6. Common Mistakes & Tips

  1. Using window functions in WHERE or GROUP BY

    • Rule slide: “Window functions can only be used in SELECT or ORDER BY clauses.”
    • The script shows an invalid example: WHERE SUM(Sales) OVER (...) > 100. Instead, wrap the query and filter in an outer SELECT.
  2. Nesting window functions

    • Slides explicitly say: “Not allowed to nest window functions!” and show AVG( SUM(Sales) OVER() ) OVER(...) as invalid.
  3. Confusing COUNT(*) vs COUNT(col)

    • COUNT(*) / COUNT(1) counts rows including NULLs.
    • COUNT(col) ignores rows where col is NULL (example table with Gloves NULL only counted by COUNT(*) in the slides).
  4. Forgetting that AVG ignores NULLs

    • Slides and script show using COALESCE(Score,0) to include NULLs in average.
  5. Misunderstanding frames

    • Frame requires ORDER BY.
    • “Lower” boundary must not be after the “higher” boundary.
    • Default frame for ordered windows is effectively RANGE BETWEEN UNBOUNDED PRECEDING AND CURRENT ROW (running from start to current).
  6. Assuming all window functions allow frames

    • Slides show a matrix:

      • Aggregate and value functions: frame optional, and especially recommended for LAST_VALUE.
      • Ranking functions: frame not allowed; they always consider the entire partition.
  7. Expecting ROW_NUMBER to handle ties “nicely”

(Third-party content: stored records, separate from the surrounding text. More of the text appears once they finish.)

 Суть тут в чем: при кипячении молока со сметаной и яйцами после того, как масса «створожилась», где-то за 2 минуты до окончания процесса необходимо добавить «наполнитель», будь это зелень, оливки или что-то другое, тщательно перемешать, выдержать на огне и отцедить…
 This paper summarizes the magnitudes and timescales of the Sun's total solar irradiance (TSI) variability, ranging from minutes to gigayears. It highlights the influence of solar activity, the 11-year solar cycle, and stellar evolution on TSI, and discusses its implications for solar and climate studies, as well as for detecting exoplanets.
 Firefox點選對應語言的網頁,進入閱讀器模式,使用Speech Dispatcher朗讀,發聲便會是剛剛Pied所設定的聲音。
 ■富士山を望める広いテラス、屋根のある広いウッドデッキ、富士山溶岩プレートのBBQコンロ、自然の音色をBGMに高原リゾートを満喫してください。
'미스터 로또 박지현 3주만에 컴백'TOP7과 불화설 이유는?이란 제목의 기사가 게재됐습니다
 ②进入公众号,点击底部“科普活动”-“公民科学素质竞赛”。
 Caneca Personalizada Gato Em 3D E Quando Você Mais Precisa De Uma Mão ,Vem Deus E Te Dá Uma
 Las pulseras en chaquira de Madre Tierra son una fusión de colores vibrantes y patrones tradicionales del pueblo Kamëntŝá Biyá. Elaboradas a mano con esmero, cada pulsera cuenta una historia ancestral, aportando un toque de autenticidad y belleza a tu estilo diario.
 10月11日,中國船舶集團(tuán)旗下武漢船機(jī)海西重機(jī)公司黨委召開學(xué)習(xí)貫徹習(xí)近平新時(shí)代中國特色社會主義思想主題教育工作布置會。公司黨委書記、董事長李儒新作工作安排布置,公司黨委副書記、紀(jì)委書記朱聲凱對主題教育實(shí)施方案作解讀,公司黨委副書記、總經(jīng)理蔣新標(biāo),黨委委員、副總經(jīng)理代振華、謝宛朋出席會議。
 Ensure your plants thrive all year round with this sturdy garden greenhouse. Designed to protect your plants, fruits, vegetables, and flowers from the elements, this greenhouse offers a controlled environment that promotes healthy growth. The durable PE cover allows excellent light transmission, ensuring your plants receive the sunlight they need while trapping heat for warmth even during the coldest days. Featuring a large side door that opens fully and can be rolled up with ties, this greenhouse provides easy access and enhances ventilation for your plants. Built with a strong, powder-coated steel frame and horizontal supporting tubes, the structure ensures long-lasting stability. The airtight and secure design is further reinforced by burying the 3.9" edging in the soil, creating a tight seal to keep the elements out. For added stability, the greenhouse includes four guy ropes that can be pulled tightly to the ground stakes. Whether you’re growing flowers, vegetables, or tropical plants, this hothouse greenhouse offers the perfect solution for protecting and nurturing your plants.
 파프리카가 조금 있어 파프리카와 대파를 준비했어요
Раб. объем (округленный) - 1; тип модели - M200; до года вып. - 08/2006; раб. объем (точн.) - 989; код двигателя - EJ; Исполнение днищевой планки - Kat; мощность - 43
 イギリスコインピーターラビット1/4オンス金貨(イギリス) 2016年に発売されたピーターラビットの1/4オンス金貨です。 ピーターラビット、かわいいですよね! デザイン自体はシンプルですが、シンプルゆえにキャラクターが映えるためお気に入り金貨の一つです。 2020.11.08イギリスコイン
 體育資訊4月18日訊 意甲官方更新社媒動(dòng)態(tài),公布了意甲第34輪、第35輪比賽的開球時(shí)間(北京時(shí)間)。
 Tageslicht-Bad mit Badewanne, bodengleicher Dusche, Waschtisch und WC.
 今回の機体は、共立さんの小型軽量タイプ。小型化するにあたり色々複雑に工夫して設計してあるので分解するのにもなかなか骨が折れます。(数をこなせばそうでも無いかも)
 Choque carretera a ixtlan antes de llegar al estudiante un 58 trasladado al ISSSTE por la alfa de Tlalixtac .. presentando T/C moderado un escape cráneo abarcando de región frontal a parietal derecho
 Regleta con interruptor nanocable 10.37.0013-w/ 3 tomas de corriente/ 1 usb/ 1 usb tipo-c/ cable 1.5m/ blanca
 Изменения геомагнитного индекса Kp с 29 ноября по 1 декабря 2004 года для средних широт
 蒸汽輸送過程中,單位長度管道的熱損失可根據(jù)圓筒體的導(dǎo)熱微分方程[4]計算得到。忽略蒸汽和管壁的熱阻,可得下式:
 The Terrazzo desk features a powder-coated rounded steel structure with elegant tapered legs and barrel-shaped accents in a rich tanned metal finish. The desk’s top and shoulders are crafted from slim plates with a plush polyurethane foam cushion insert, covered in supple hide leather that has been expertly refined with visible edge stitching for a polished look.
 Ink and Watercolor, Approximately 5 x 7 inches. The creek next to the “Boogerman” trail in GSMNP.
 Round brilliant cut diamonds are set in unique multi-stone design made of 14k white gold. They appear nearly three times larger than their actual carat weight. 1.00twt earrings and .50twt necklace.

    • ROW_NUMBER always gives unique numbers → ties are broken arbitrarily by the ORDER BY.
    • Use RANK (with gaps) or DENSE_RANK (no gaps) when ties should share the same rank, as highlighted in the ranking diagrams.
  8. Forgetting default offset / default value in LEAD/LAG

    • Offset default is 1.
    • Default value is NULL, but you can override it (slides show LEAD(Sales, 2, 10)).

7. Memory Boosters (Mnemonics & Hooks)

  1. “C-S-A-M-M” for aggregates

    • Count, Sum, Average, Min, Max.
    • Imagine squeezing an orange: you Count oranges, Sum the juice, find Average juice per orange, Min/Max juiciest and driest.
  2. “P-O-F inside OVER” – Window clause order

    • PARTITION BY → groups.
    • ORDER BY → sequence.
    • FRAME → slice of that sequence.
  3. “RowNumber, Rank, DenseRank – 1, gap, no-gap”

    • ROW_NUMBER1-2-3-4… always unique.
    • RANK1-2-2-4 (gap after tie).
    • DENSE_RANK1-2-2-3 (no gap).
  4. Running vs Rolling totals: “Snowball vs Window”

    • Running total = snowball rolling downhill, keeps growing (from first row to current).
    • Rolling total = fixed window sliding along (e.g., last 3 months).
  5. Value functions = “Time machine”

    • LAG = travel to previous row.
    • LEAD = jump to future row.
    • FIRST_VALUE = go to the start; LAST_VALUE = go to the end of the partition.

8. Active-Recall Questions & Mini-Exercises

Use these as flashcards. Try to answer without looking back.

8.1 Aggregates & GROUP BY

  1. What is the difference between COUNT(*) and COUNT(Sales) when some Sales values are NULL?
  2. Write a query to show total sales per customer using GROUP BY.
  3. Why does GROUP BY usually produce fewer rows than the original table?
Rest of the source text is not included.